The artist had been hired by Hasbro, Inc. as an independent contractor for 3 consecutive years to create toy product display dioramas for their buyer's showroom in NYC in preparation for the Toy Fair annual toy industry trade show. In November 1990, Lisa was hired to create the Cabbage Patch Kids line showroom for Hasbro Toys. The artist was working on a 3-month contract as a vendor, with no statement of copyright or Work Made for Hire in the contract. The showroom was not open to the public; the displays were for retail store buyers only and photographed for limited run of printed product catalogs to give to buyers (photos never intended for any other commercial use).

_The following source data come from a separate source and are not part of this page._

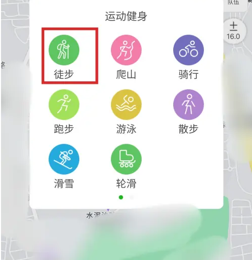 选择“运动类型”图标,在弹出界面选择“徒步”
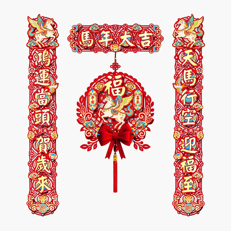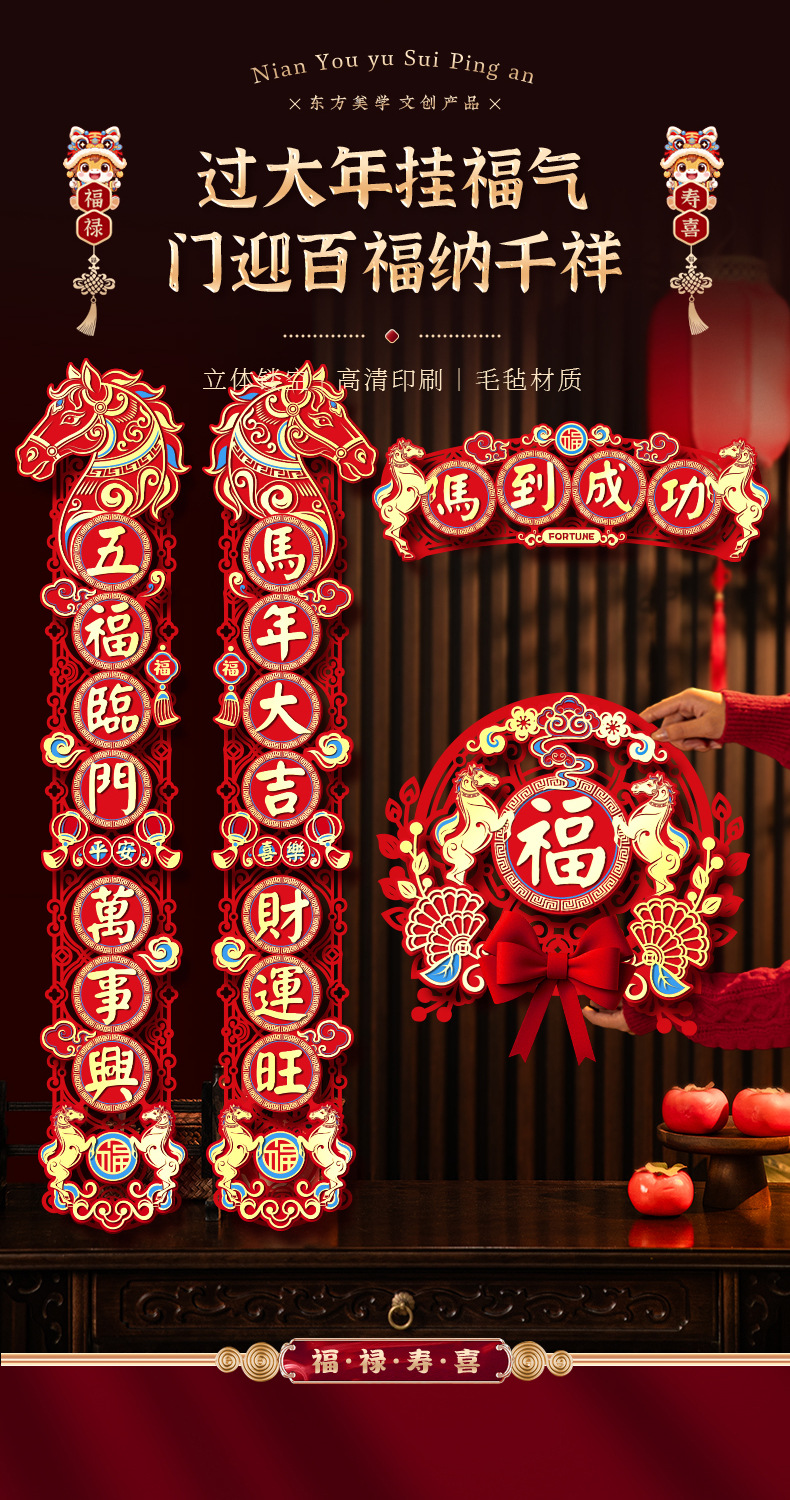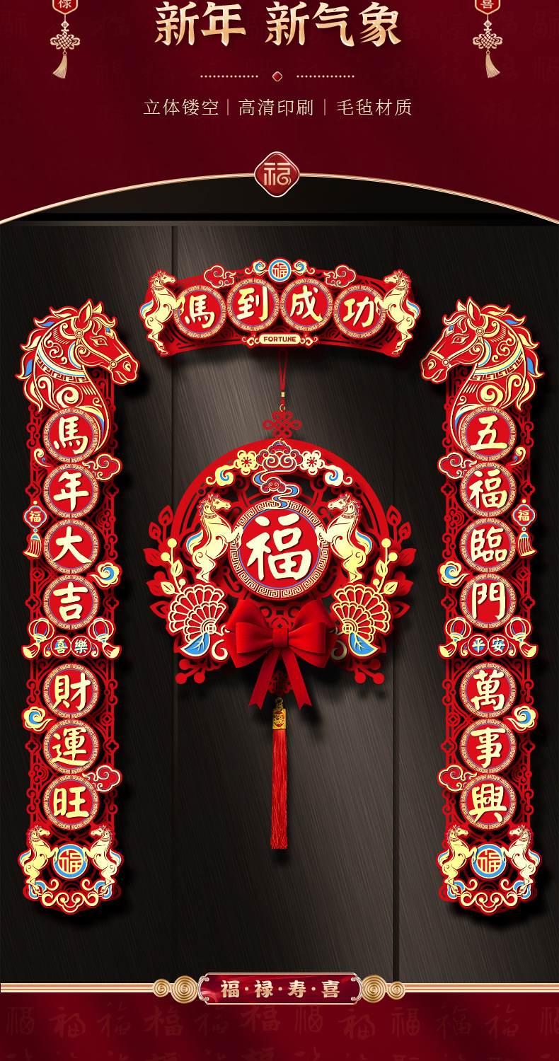 2026马年新款对联春节家用立体毛毡布烫金春联新年过年大门贴装饰
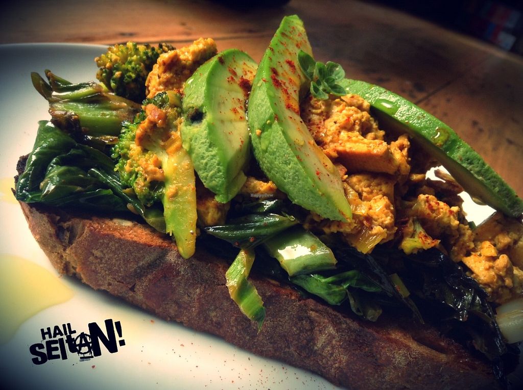 Scrambled Tofu on Toast w/ Avocado, spinach, garlic tahini & truffle o…
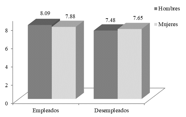 La gráfica 9 muestra los niveles de satisfacción con la vida de los empleados y los desempleados en el país por sexo. En las personas que cuentan con un empleo, la satisfacción es mayor en los hombres que en las mujeres, 8.1 y 7.9 respectivamente. Esta tendencia cambia para el caso de los desempleados, donde el promedio es ligeramente mayor para las mujeres.
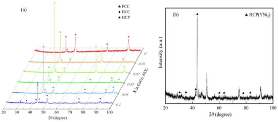 - Without the addition of Y, the Y-0 alloy matrix has an FCC phase structure. The volume fraction of Cr-rich BCC precipitates was lower. The YNi5 HCP precipitate formed in Y-0.01 MEA. The volume fraction of BCC and HCP phase precipitates increased with Y content, which led to the precipitation and dispersion strengthening of CoCr1.7NiYx MEAs.
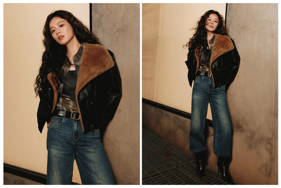马思纯将皮毛一体外套穿出了“柔软”的生命力,翻毛领蓬松致密的质感,撑起强大气场,帅气的皮夹克既兼顾了保暖又表达出风格感,再随性地内搭一件格纹衬衫,穿上暖和又好看。
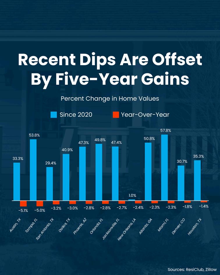 You need to put those drops in context Over the past five years, home prices rose by an average of 55% nationwide. That long-term gain far outweighs any short-term shift.
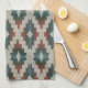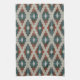 Red Dark Brown Teal Blue Grey Tribal Art Pattern Tea Towel

Just before the showroom opened for the 1991 Toy Fair, Lisa discovered that Hasbro had used photos of her 3D displays on the product packaging of at least one of their Cabbage Patch doll products, instead of using the product packaging imagery that had been designed by their marketing department.

Lisa had not registered any of the display designs because they were never intended for any use other than the showroom display, and in past years were always destroyed when the showroom closed after a few months. Lisa contacted the graphic design department and then the legal department to ask for a usage fee. They refused.

Cabbage Patch Dolls earned approximately $100 million in retail sales for Hasbro, Inc. in 1991.

The recourse Lisa would have sought had she been able to sue the infringer would have been actual damages of a licensing fee for usage, depending upon the number of units made. The creator estimates the licensing fee to be valued between $3,500 and $6,000.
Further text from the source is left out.